## The input

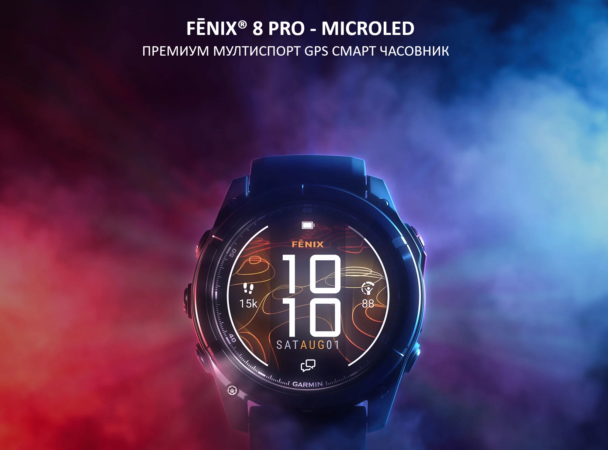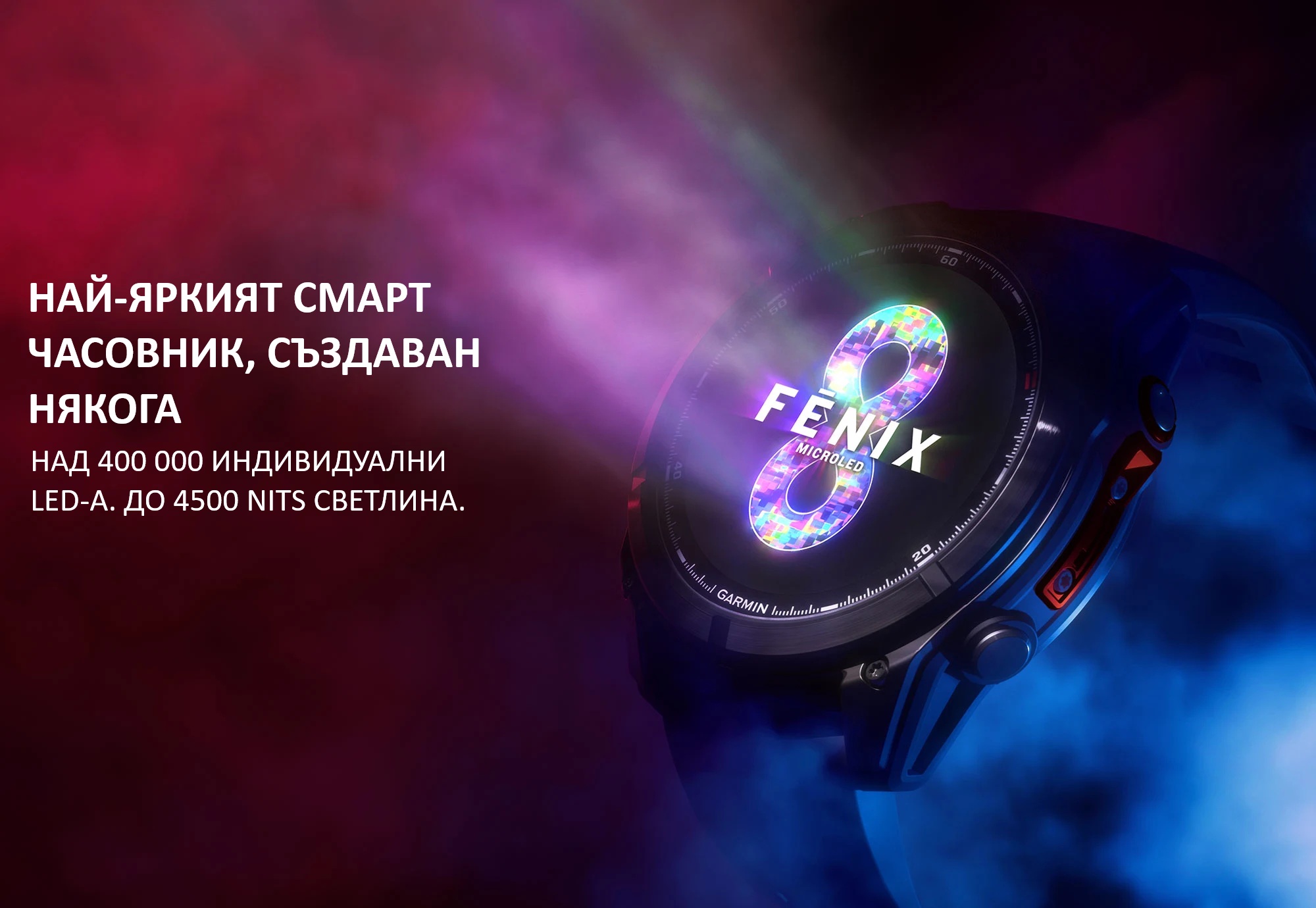 Това е първият смарт часовник с MicroLED дисплей. Предлагайки забележителна яркост и детайлност, fēnix® 8 Pro е проектиран за Вашия активен живот с технология inReach® за обаждания от китката1 ,съобщения, споделяне на местоположение и SOS поддръжка — плюс усъвършенствани инструменти за силови тренировки, навигация с карта и вградено фенерче, за да продължите приключенията си и след залез слънце.
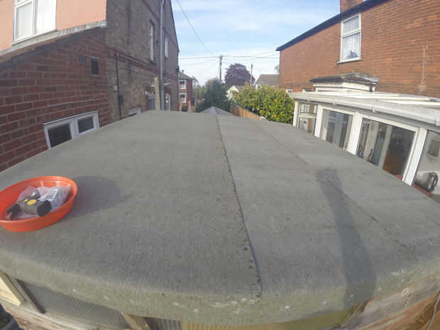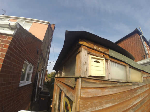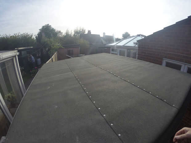 Ahora, de nuevo en la Cruz del cobertizo y clavar los bordes superpuestos de fieltro. No se pueden tener demasiados clavos sujetando su fieltro - un borde suelto será eventualmente rip si es sorprendido por un fuerte viento.
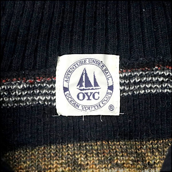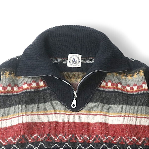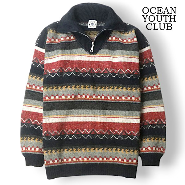 90s ヴィンテージ!美品 フランス製 OCEAN YOUTH CLUB オーシャンユースクラブ ミックスウール フェアアイル柄 SALMIジップ ハーフジップ セイリング ニットセーター ネイビー MIX 42 |
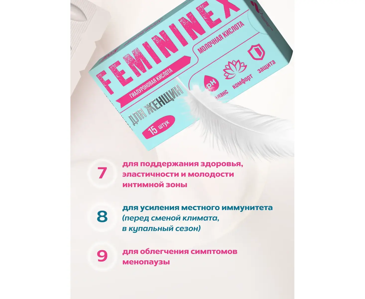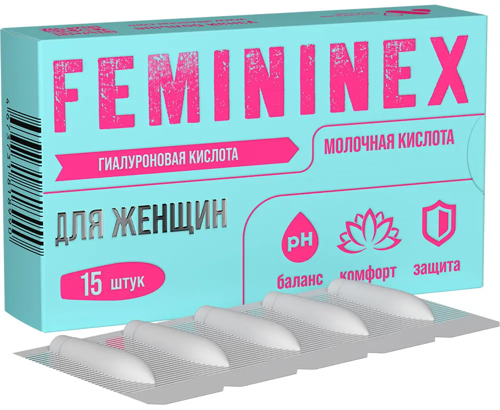 Описание Свечи Фемининекс гиалуроновые с молочной кислотой (для женщин), 15 шт
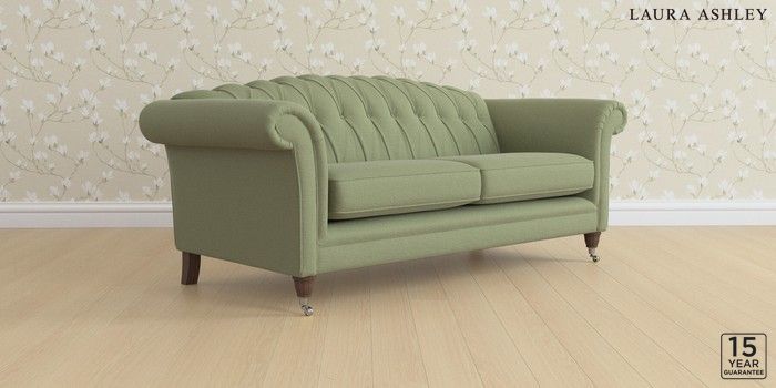 6.12.1 Buy Gloucester Button Back by Laura Ashley 3 Seater Sofa Peyton Hedgerow Green Low Chrome Castor - Chestnut from the Next UK online shop Click here to use our accessible website
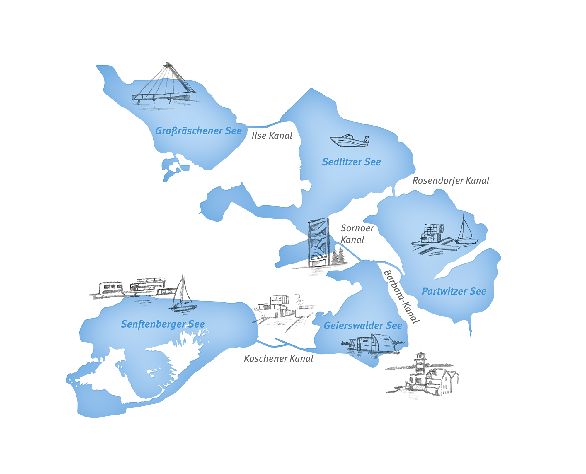 Bislang waren der Koschener Kanal zwischen Senftenberger und Geierswalder See sowie der Barbara-Kanal zwischen Geierswalder und Partwitzer See die einzigen befahrbaren Wasserstraßen der Region. Ende Juni 2026 öffnen drei weitere schiffbare Kanäle. Sie verbinden den zentral gelegenen Sedlitzer See mit den benachbarten Wasserflächen: Der Sornoer Kanal führt zum Geierswalder See, der Rosendorfer Kanal zum Partwitzer See. Ein spektakuläres Bauwerk ist der Ilse Kanal, der im Verlauf bis zum Großräschener See mehrere Bahnstrecken und eine Bundesstraße unterquert.
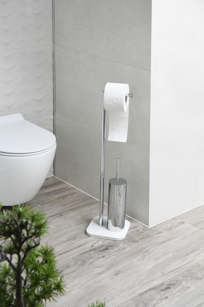 Koupelnový stojan Q-BATH 1566 – minimalistický design, stabilní podstavec z teracového materiálu a chromovaná oceli. Perfektní řešení pro každodenní hygienu.
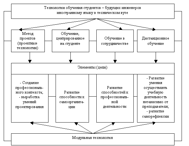 В ходе исследования пришли к выводу, что профессиональную подготовку студентов – будущих инженеров целесообразно осуществлять, пользуясь возможностями, предоставляемыми курсом иностранного языка, т.е. обучая их видам профессионально-ориентированной речевой деятельности на иностранном языке и формируя у них коммуникативную компетентность. В связи с этим проанализируем современные технологии обучения иностранному языку в техническом вузе. Поскольку в рамках Болонского процесса предполагается изменение организации учебного процесса в сторону самостоятельной образовательной деятельности студентов, обучение профессионально-ориентированному иностранному языку строится исходя из необходимости вовлечения каждого студента в активный познавательный процесс на всех уровнях овладения всеми видами речевой деятельности; создания естественного профессионального контекста деятельности, что непосредственно связано со способностью управления собственной учебной деятельностью. Поэтому к эффективным инновационным технологиям можно отнести обучение в сотрудничестве, метод проектов (проектные технологии), центрированное на учащихся обучение, дистанционное обучение, модульную технологию, поскольку все они рассматриваются исследователями как способы реализации на занятиях личностно-деятельностного подхода к обучению, в результате чего студенты выступают как активные творческие субъекты учебной деятельности.
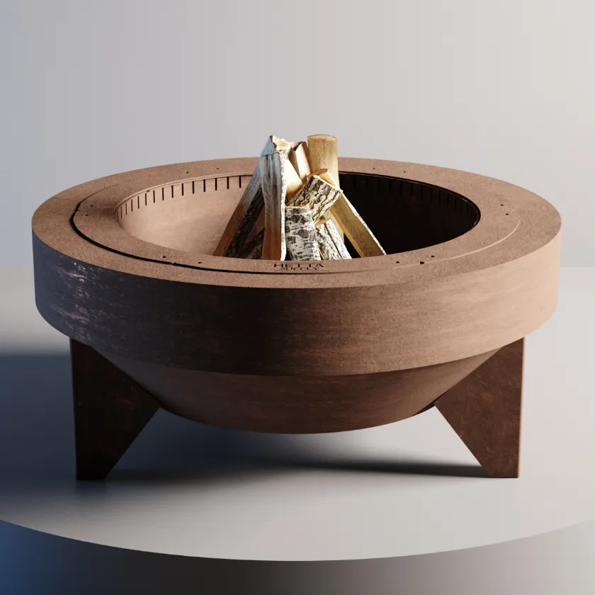 - Solidna konstrukcja i bezpieczeństwo – wykonane z wysokiej jakości stali corten, która charakteryzuje się wyjątkową trwałością i odpornością na warunki atmosferyczne. Umocowanie konstrukcji na nogach zapewnia stabilność, a głęboka misa ogranicza rozprzestrzenianie się iskier.

## What this task involves
The answer must be the data above, repeated exactly, with no pictures.

## Result for this task
 Това е първият смарт часовник с MicroLED дисплей. Предлагайки забележителна яркост и детайлност, fēnix® 8 Pro е проектиран за Вашия активен живот с технология inReach® за обаждания от китката1 ,съобщения, споделяне на местоположение и SOS поддръжка — плюс усъвършенствани инструменти за силови тренировки, навигация с карта и вградено фенерче, за да продължите приключенията си и след залез слънце.
 Ahora, de nuevo en la Cruz del cobertizo y clavar los bordes superpuestos de fieltro. No se pueden tener demasiados clavos sujetando su fieltro - un borde suelto será eventualmente rip si es sorprendido por un fuerte viento.
 90s ヴィンテージ!美品 フランス製 OCEAN YOUTH CLUB オーシャンユースクラブ ミックスウール フェアアイル柄 SALMIジップ ハーフジップ セイリング ニットセーター ネイビー MIX 42 |
 Описание Свечи Фемининекс гиалуроновые с молочной кислотой (для женщин), 15 шт
 6.12.1 Buy Gloucester Button Back by Laura Ashley 3 Seater Sofa Peyton Hedgerow Green Low Chrome Castor - Chestnut from the Next UK online shop Click here to use our accessible website
 Bislang waren der Koschener Kanal zwischen Senftenberger und Geierswalder See sowie der Barbara-Kanal zwischen Geierswalder und Partwitzer See die einzigen befahrbaren Wasserstraßen der Region. Ende Juni 2026 öffnen drei weitere schiffbare Kanäle. Sie verbinden den zentral gelegenen Sedlitzer See mit den benachbarten Wasserflächen: Der Sornoer Kanal führt zum Geierswalder See, der Rosendorfer Kanal zum Partwitzer See. Ein spektakuläres Bauwerk ist der Ilse Kanal, der im Verlauf bis zum Großräschener See mehrere Bahnstrecken und eine Bundesstraße unterquert.
 Koupelnový stojan Q-BATH 1566 – minimalistický design, stabilní podstavec z teracového materiálu a chromovaná oceli. Perfektní řešení pro každodenní hygienu.
 В ходе исследования пришли к выводу, что профессиональную подготовку студентов – будущих инженеров целесообразно осуществлять, пользуясь возможностями, предоставляемыми курсом иностранного языка, т.е. обучая их видам профессионально-ориентированной речевой деятельности на иностранном языке и формируя у них коммуникативную компетентность. В связи с этим проанализируем современные технологии обучения иностранному языку в техническом вузе. Поскольку в рамках Болонского процесса предполагается изменение организации учебного процесса в сторону самостоятельной образовательной деятельности студентов, обучение профессионально-ориентированному иностранному языку строится исходя из необходимости вовлечения каждого студента в активный познавательный процесс на всех уровнях овладения всеми видами речевой деятельности; создания естественного профессионального контекста деятельности, что непосредственно связано со способностью управления собственной учебной деятельностью. Поэтому к эффективным инновационным технологиям можно отнести обучение в сотрудничестве, метод проектов (проектные технологии), центрированное на учащихся обучение, дистанционное обучение, модульную технологию, поскольку все они рассматриваются исследователями как способы реализации на занятиях личностно-деятельностного подхода к обучению, в результате чего студенты выступают как активные творческие субъекты учебной деятельности.
 - Solidna konstrukcja i bezpieczeństwo – wykonane z wysokiej jakości stali corten, która charakteryzuje się wyjątkową trwałością i odpornością na warunki atmosferyczne. Umocowanie konstrukcji na nogach zapewnia stabilność, a głęboka misa ogranicza rozprzestrzenianie się iskier.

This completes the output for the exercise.